WHAT IS BEING ASKED: All lines from the opening of the material up to and including the line with "Customized Name Large" should be transcribed exactly, pictures excepted.

DATA EXTRACT:
____
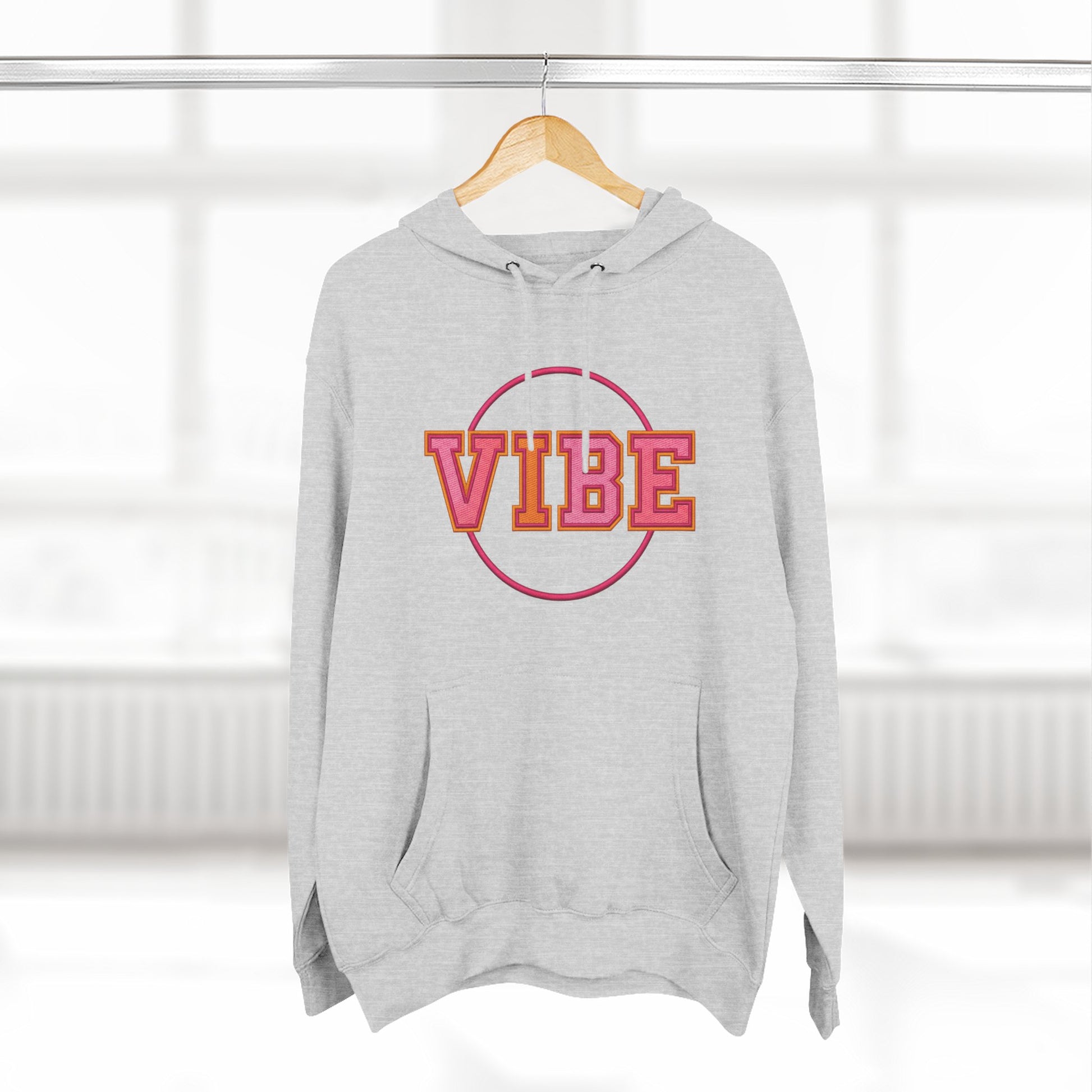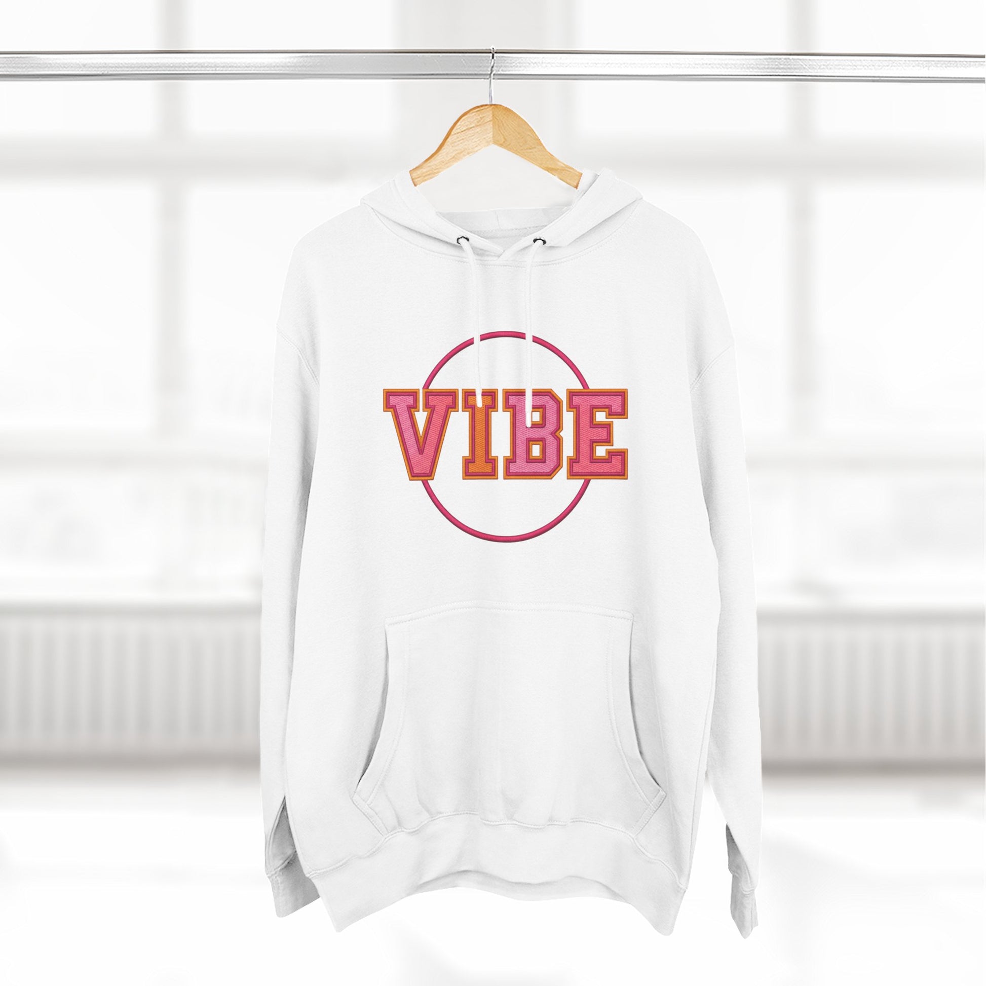 Soft, structured, and quietly confident — this hoodie brings a vintage collegiate energy with a modern, laid-back twist. The clean white fleece sets off the warm, retro 'VIBE' embroidery inside a thin circle, making a subtle statement without shouting. It slips on easily for cool mornings, studio sessions, or slow coffee runs. The hood’s adjustable drawstrings and roomy kangaroo pocket add everyday practicality, while the midweight fabric and soft hand-feel keep you comfortable from commute to couch. Built with durable construction and thoughtful details like neck twill and double-needle stitching, it wears well over time and keeps its shape through regular use.
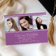 Announce your high school or college graduate in style with a three-photo graduation card with stripe details and modern sans serif invitation wording. Fuchsia orchid / ultra violet purple and white design colours. Customise to add three photos and your graduation announcement and party invitation details.
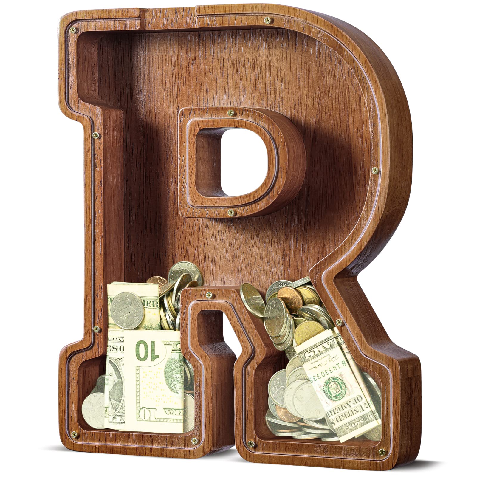Customized Name Large Wooden Piggy Bank For Kids Boys Girls Alphabets Letter A-Z Coins Bills Money Change Bank Box Initial On Clear Cover (Laser Engraved) (Alphabet-R, Initial-12)
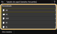 2 | Especifique la longitud del lado <X> y del lado <Y>. Seleccione <X> o <Y> e introduzca la longitud de cada cara con las teclas numéricas. ![]() ![]() Si registra el tamaño de papel que utiliza con más frecuencia en los botones <S1> a <S3>, puede recuperarlo con una tecla abreviada. Registro de tamaños de papel personalizados |
____
WRITTEN REPLY:
 Soft, structured, and quietly confident — this hoodie brings a vintage collegiate energy with a modern, laid-back twist. The clean white fleece sets off the warm, retro 'VIBE' embroidery inside a thin circle, making a subtle statement without shouting. It slips on easily for cool mornings, studio sessions, or slow coffee runs. The hood’s adjustable drawstrings and roomy kangaroo pocket add everyday practicality, while the midweight fabric and soft hand-feel keep you comfortable from commute to couch. Built with durable construction and thoughtful details like neck twill and double-needle stitching, it wears well over time and keeps its shape through regular use.
 Announce your high school or college graduate in style with a three-photo graduation card with stripe details and modern sans serif invitation wording. Fuchsia orchid / ultra violet purple and white design colours. Customise to add three photos and your graduation announcement and party invitation details.
Customized Name Large Wooden Piggy Bank For Kids Boys Girls Alphabets Letter A-Z Coins Bills Money Change Bank Box Initial On Clear Cover (Laser Engraved) (Alphabet-R, Initial-12)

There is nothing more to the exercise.